Womens Timberland companies especially its competitors and which the organizations have and contributes to the achievements of the stated goals or objectives. (Proctor, 2000) A weakness A weakness can be defined as any aspect of the company which may hinder the company from attaining its objectives or goals. Usually, it covers the Marketing is a wide are in the company and Nike has managed to take full advantage of it in as a world number one company in sports wear (Hampy 2006). Product This is an object or service that a company produces or manufactures particularly on large scale with precise amounts (Bakan, 2004). Nike has a large collection of products that it sells to the market, this include shoes, clothes and apparel used for sporting activities. The products cater for different sports like basketball, road running, tennis, soccer, athletics and many more others. Nike products are meant for men, women and children. The company is renowned for its hip hop culture and supplies urban fashions in terms of clothes. In order to improve its products quality, Nike together with Apple Inc. produced the Nike+ line of products that are able to monitor how a runner is performing through a radio device that is place in the shoes which is http://www.timberlandccc.uk/ then linked to the iPod nano. In doing this Nike is able to market its products and retain its market share (Hampy 2006).

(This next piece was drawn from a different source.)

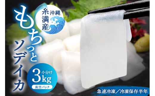 ソデイカの体長はなんと!約1mにもなり、重さが約20kgにもなる最大級の食用イカです。 獲れたてのソデイカは鮮やかな赤色で、味は繊細な味わいで食感はモチモチしており、噛んでいくうちに口の中で甘みがフワーと広がっていきます。さらに、バーナーで表面を炙ることにより、旨味がより一層引き出されます。 糸満市のソデイカは県全体の生産量の約20%を占めいて、鮮度を保つための取り組みなども評価されています。旬な時期は、11月〜6月頃で長く漁獲されています。 2015年にはソデイカ(方言名「セーイカ」)の拠点産地として県内で初めて認定を受けています。 ぜひ、「海人(うみんちゅ)のまち糸満」の海の幸をご賞味ください。

I am guessing your a 1st year or 2nd year teacher. I have watched this process a lot of times. First off, if there were $20+ computers with the capabilities your looking for, the store shelves would be full of them. With a little work, you will get a ass load of computers of various usability from parent and community donations. You would be amazed how many computers are setting in closets because someone upgraded what they have. Also, there a "reglue" computer places all over. You should start looking around.
Second thing, how are your students going to be assessed? Most state tests have the students hand write all their writing samples. The students will need to do some form of planning and pre-writing before they can make a finished sample. By the way, that is most likely the way your curriculum will say to teach them. Either way, watching a student get frustrated with hunt and peck typing and switch to watching YouTube videos will be disheartening. At the same time schools really don't teach keyboarding. Also, they have also stopped teaching cursive so they don't have efficient handwriting skills either.
Once you set a student in front of a computer, they will write right off the cuff correcting as they go. The whole plan, pre-write, and write thing goes right out the window, because the backspace and delete keys are instant erasers. Soon as they discover cut-n-paste across the web you will get all sorts of fragmented paragraphs in all sorts of styles as they will freely plagiarize passages from the internet. Will spent tons of your time dealing with that. You will spend more time with that than the time spent grading handwritten work. Getting computer lab time for you students will be a complete waste of time. They will be working in pairs looking at the newest trends in footwear and whatever. Why would they write? They have their buddies with them.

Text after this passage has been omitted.